*** Opening of Data records ***

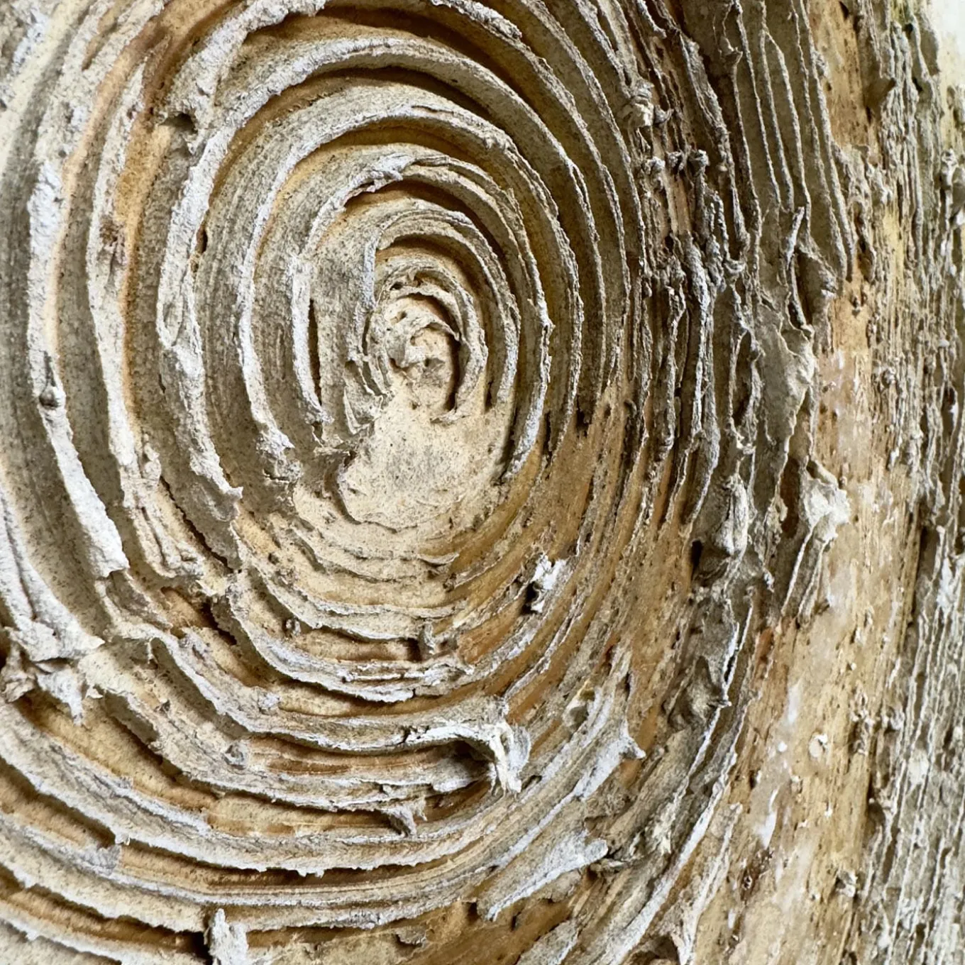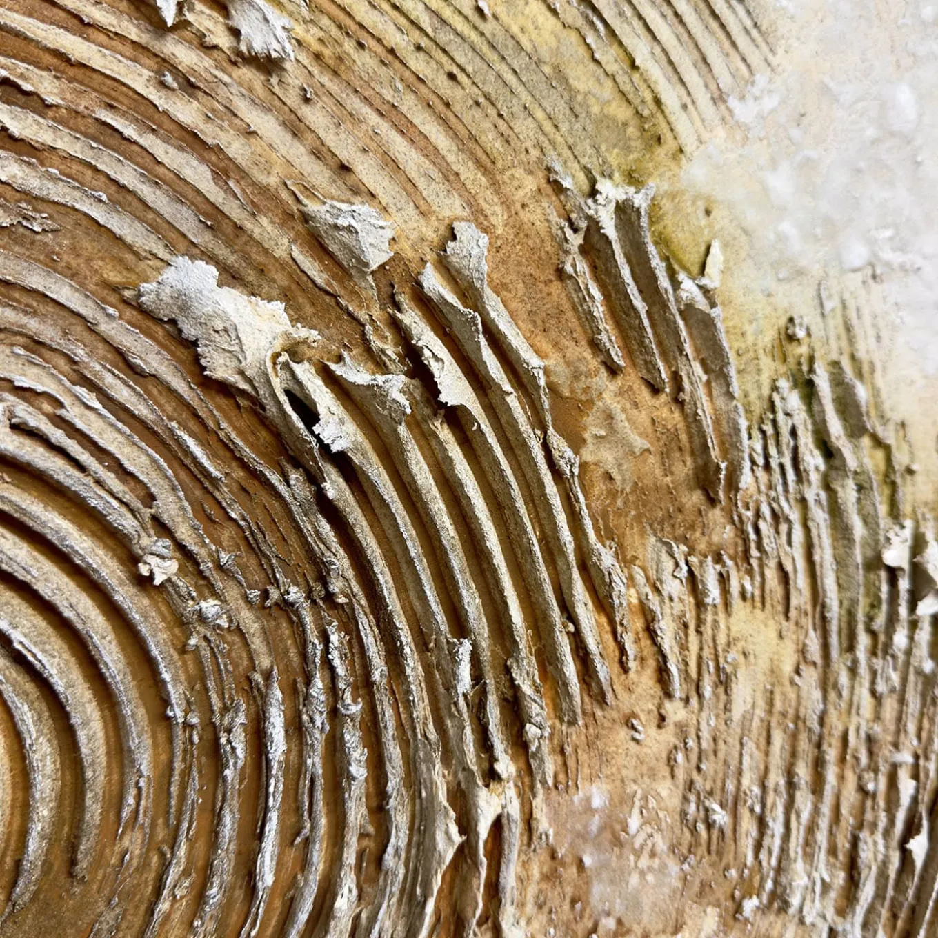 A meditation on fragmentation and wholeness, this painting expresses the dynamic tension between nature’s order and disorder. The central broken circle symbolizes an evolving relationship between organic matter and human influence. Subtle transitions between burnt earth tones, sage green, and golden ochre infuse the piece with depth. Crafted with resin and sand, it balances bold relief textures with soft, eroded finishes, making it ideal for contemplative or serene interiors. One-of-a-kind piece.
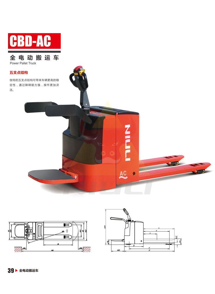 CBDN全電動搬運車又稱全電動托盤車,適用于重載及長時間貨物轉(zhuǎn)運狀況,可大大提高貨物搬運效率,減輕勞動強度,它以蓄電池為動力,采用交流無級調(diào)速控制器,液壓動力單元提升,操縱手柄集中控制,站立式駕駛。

*** Close of Data records ***
*** Opening of Data records ***

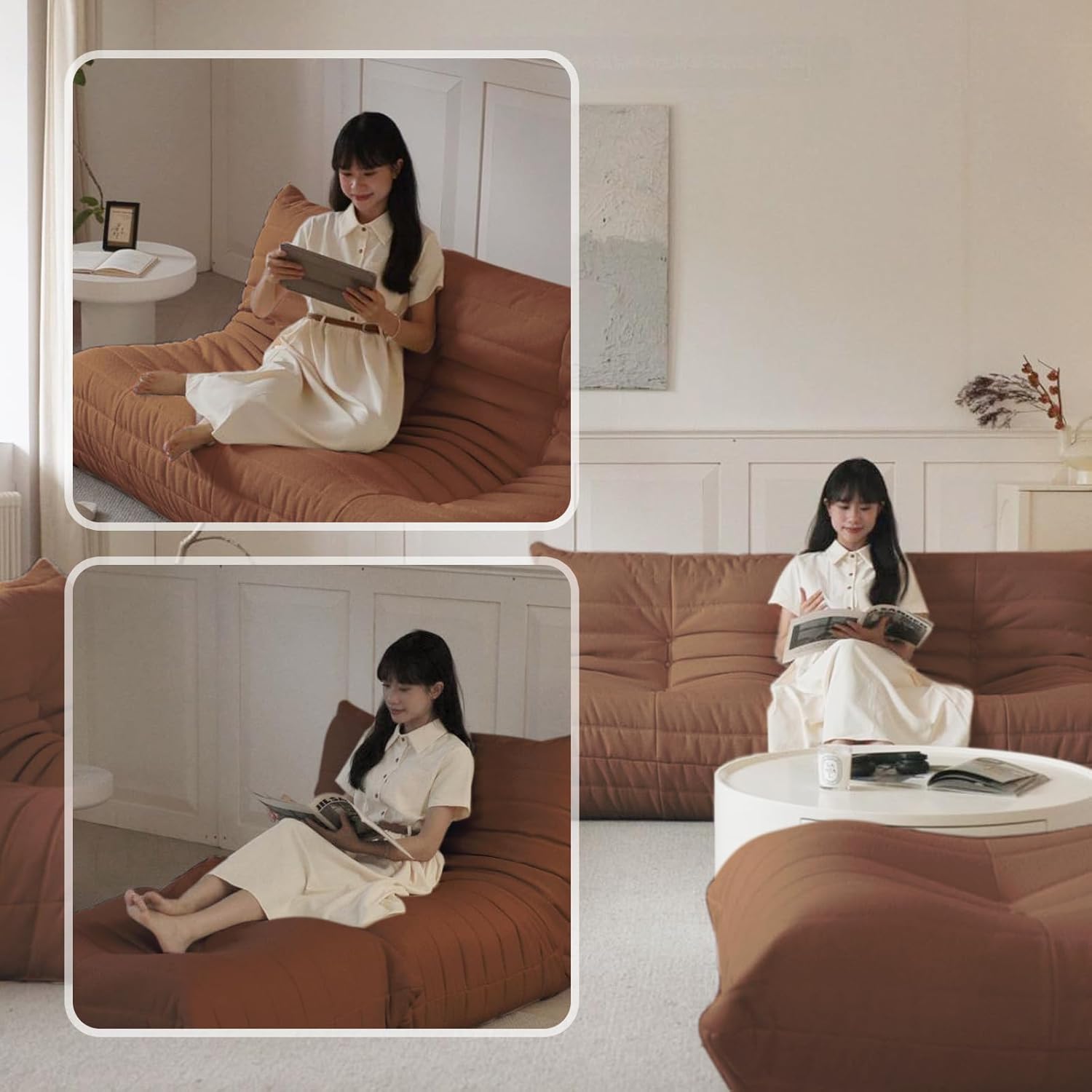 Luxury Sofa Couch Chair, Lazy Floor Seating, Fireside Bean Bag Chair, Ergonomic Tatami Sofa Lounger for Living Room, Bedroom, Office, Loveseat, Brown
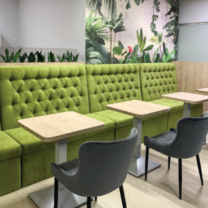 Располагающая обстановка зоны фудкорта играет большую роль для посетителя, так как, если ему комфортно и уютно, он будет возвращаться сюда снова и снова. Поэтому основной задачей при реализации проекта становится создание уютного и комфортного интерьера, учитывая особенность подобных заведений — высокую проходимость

*** Close of Data records ***

* [How to complete this task]:
Nothing but the lines above, starting at the line that contains "Luxury Sofa Couch" and ending at the line that contains "Располагающая обстановка зоны", should be given again, exactly and without the pictures.

* [Response]:
 Luxury Sofa Couch Chair, Lazy Floor Seating, Fireside Bean Bag Chair, Ergonomic Tatami Sofa Lounger for Living Room, Bedroom, Office, Loveseat, Brown
 Располагающая обстановка зоны фудкорта играет большую роль для посетителя, так как, если ему комфортно и уютно, он будет возвращаться сюда снова и снова. Поэтому основной задачей при реализации проекта становится создание уютного и комфортного интерьера, учитывая особенность подобных заведений — высокую проходимость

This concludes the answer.